15 September 2017

The first free public school in Europe

Frascati sees groundbreaking development in education


José de Calasanz arrived in Rome from his native Aragon in 1592
José de Calasanz arrived in Rome from
his native Aragon in 1592
The first free public school in Europe opened its doors to children on this day in 1616 in Frascati, a town in Lazio just a few kilometres from Rome.

The school was founded by a Spanish Catholic priest, José de Calasanz, who was originally from Aragon but who moved to Rome in 1592 at the age of 35.

Calasanz had a passion for education and in particular made it his life’s work to set up schools for children who did not have the benefit of coming from wealthy families.

Previously, schools existed only for the children of noble families or for those studying for the priesthood.
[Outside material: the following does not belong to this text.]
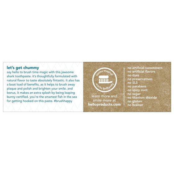 - WHAT I’M GETTING: Includes one (1) 4.2 oz tube of hello Smiling Shark Fluoride Free Kids Toothpaste, Natural Fruit Punch flavored
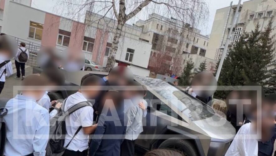 В Казани у лицея заметили Tesla Cybertruck: школьники устроили фотосессию с футуристическим пикапом

Calasanz established Pious Schools and a religious order responsible for running them, who became known as the Piarists.

Calasanz had been a priest for 10 years when he decided to go to Rome in the hope of furthering his ecclesiastical career.  He soon became involved with helping neglected and homeless children via the Confraternity of Christian Doctrine.

He would gather up poor children on the streets and take them to schools, only to find that the teachers, who were not well paid, would not accept them unless Calasanz provided them with extra money.

Calasanz, who was a well-educated man, responded by setting up the first Pious School in the centre of Rome in 1600, so that homeless, orphaned and neglected children had somewhere to go and could be provided with a basic education.

Wolfgang Amadeus Mozart owed his early education to a Pious School
Wolfgang Amadeus Mozart owed his early
education to a Pious School
An annual contribution from Pope Clement VIII helped fund the project, which grew so quickly that it was not long before Calasanz was helping around 1,000 of Rome’s most deprived children.

He rented a house nears the church of Sant'Andrea della Valle in central Rome, where he founded the Order of the Pious Schools or Piarists. He wrote a document setting out the principles of his educational philosophy, with regulations for teachers and for students.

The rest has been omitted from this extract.